[developers] pyDelphin / [incr tsdb()] question

Alexandre Rademaker arademaker at gmail.com
Sat Apr 13 16:55:36 CEST 2019


Hi Stephan,

No problem! I am sorry for so many typical newcomer questions that many times deviate from the original conversation. 

What called my attention is this new perspective on the kind of data the profiles can hold. So far, I was taking profiles to be clean data, composed of sentences to me process typically imported from a text file with one sentence per line. That is, we should first clean the data before we create the profile. 

This view imposes a separation between a profile (use for treebank, grammar debugging, etc.), where the fundamental units are sentences; and a format to be used in a pipeline for documents processing where we typically want to preserve the original document structure attaching annotations to the relevant segments.

But your message opens a new perspective. For example, I am constant dealing text extracted from PDF documents. Following the way you worked with mbox files, I could also think about ingesting the text file obtained from the PDF-to-Tex tools directly, preserving all the content but using the i-length field to mark the sentences to be processed and the ones to be ignored. I am not sure what will be the benefits for that approach besides having the whole data preserved in the profile. Anyway, a preprocessing will be still necessary to split the data into sentences. 

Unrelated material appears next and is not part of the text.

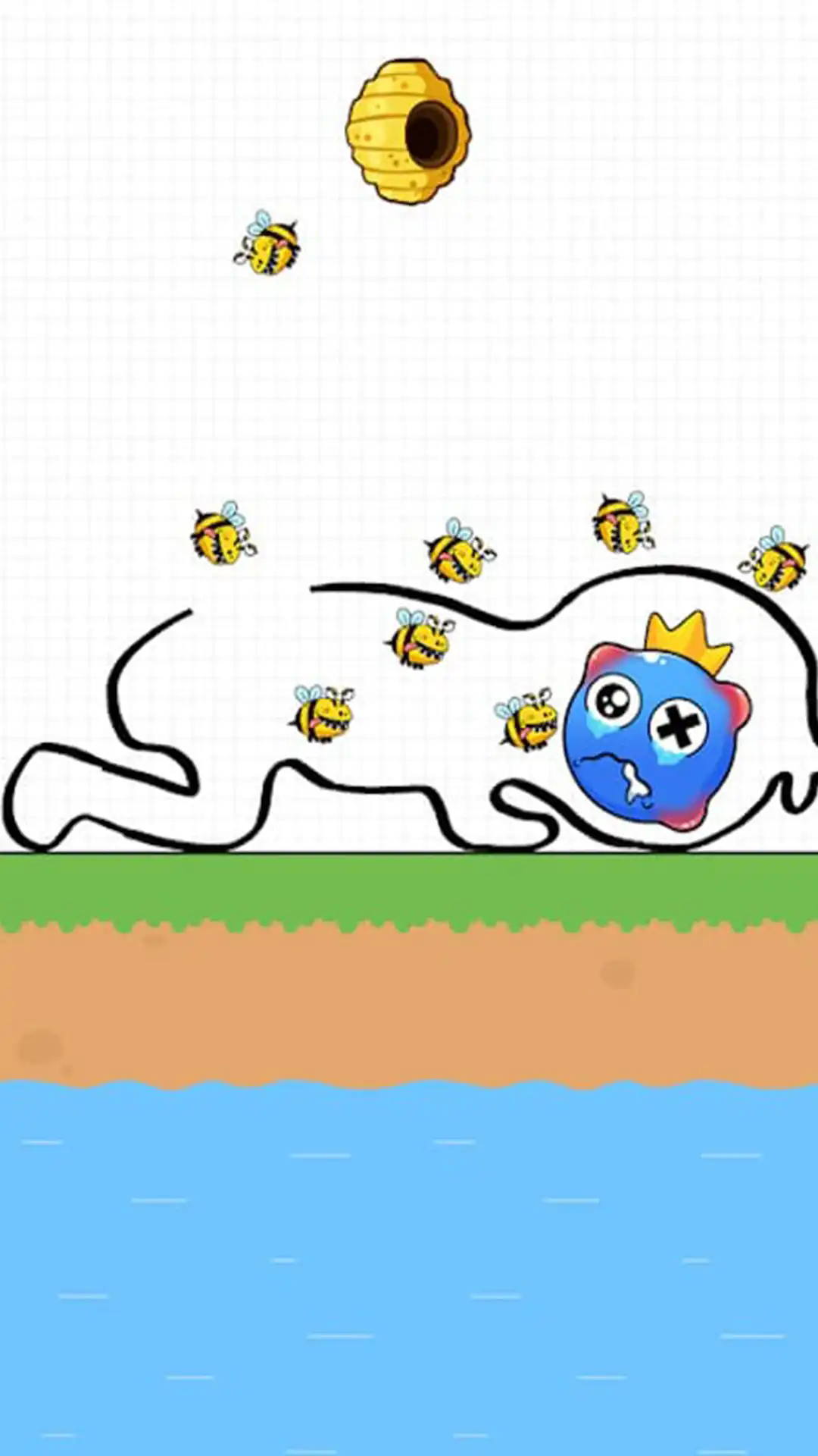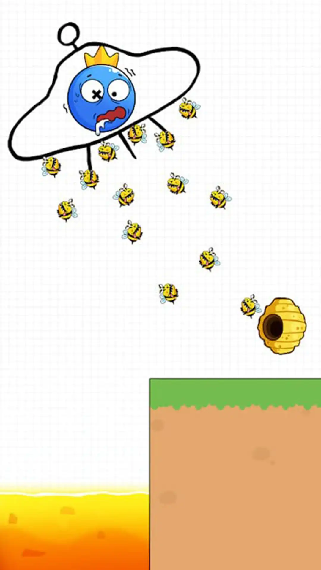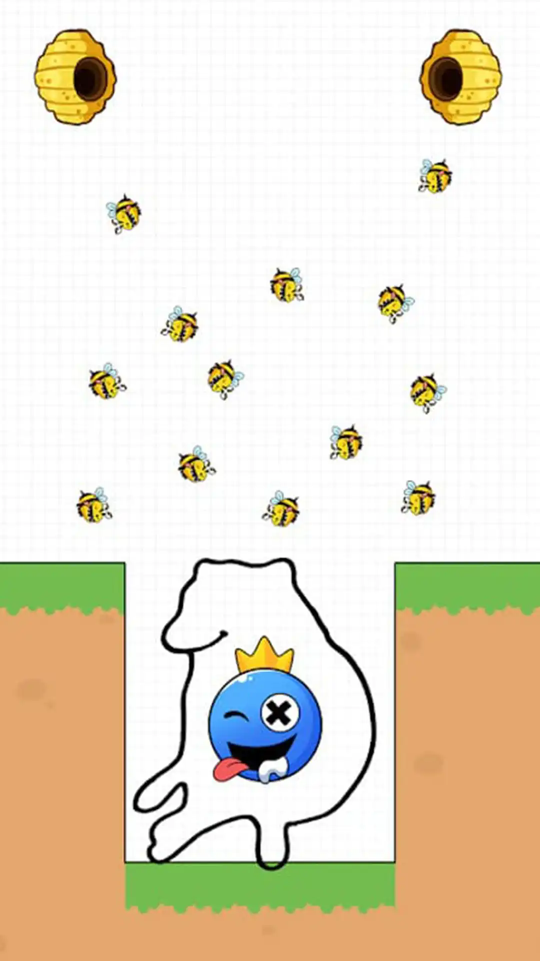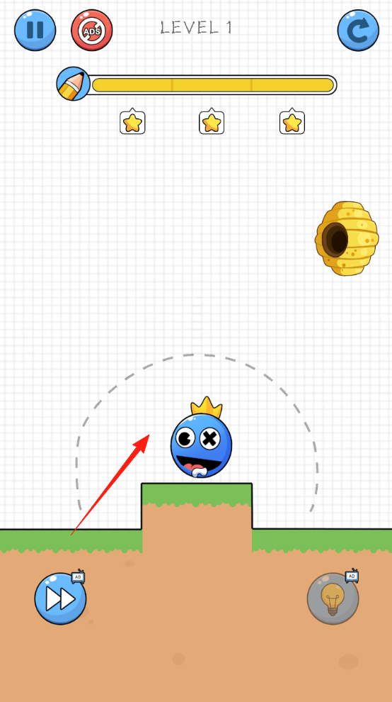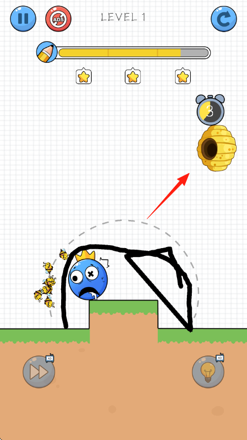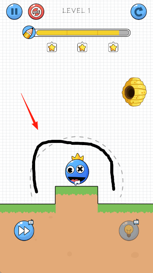 1、进入关卡LEVEL1,看蓝色小球位置、移动轨迹虚线,留意蜂窝等目标障碍,准备画线。

So far, to deal with this sort of content, I was looking for markups based on standoff annotations like https://en.wikipedia.org/wiki/XCES. 

Best, Alexandre


> On 11 Apr 2019, at 21:09, Stephan Oepen <oe at ifi.uio.no> wrote:
> 
> my apologies for the opaque inside joke, alexandre!  some of us used to work at a start-up (called YY Technologies) a few years ago, developing the premier email auto response solution at the time.  hence support for mbox files was relevant at least back then :-).  and the ERG treebanks still include four profiles with e-commerce emails.
> 
> regarding interpretation of the i-length field, i would maybe argue that the two use cases ultimately are the same meaning: the field quantifies the length of linguistic content; when there is nothing worse parsing in an item, its ‘linguistic length’ is zero (or maybe -1, not quite sure just now).  but, yes, this results in a flag-like behavior for the processing commands: skipping over (what you might call ‘noise’) items which lack linguistic content.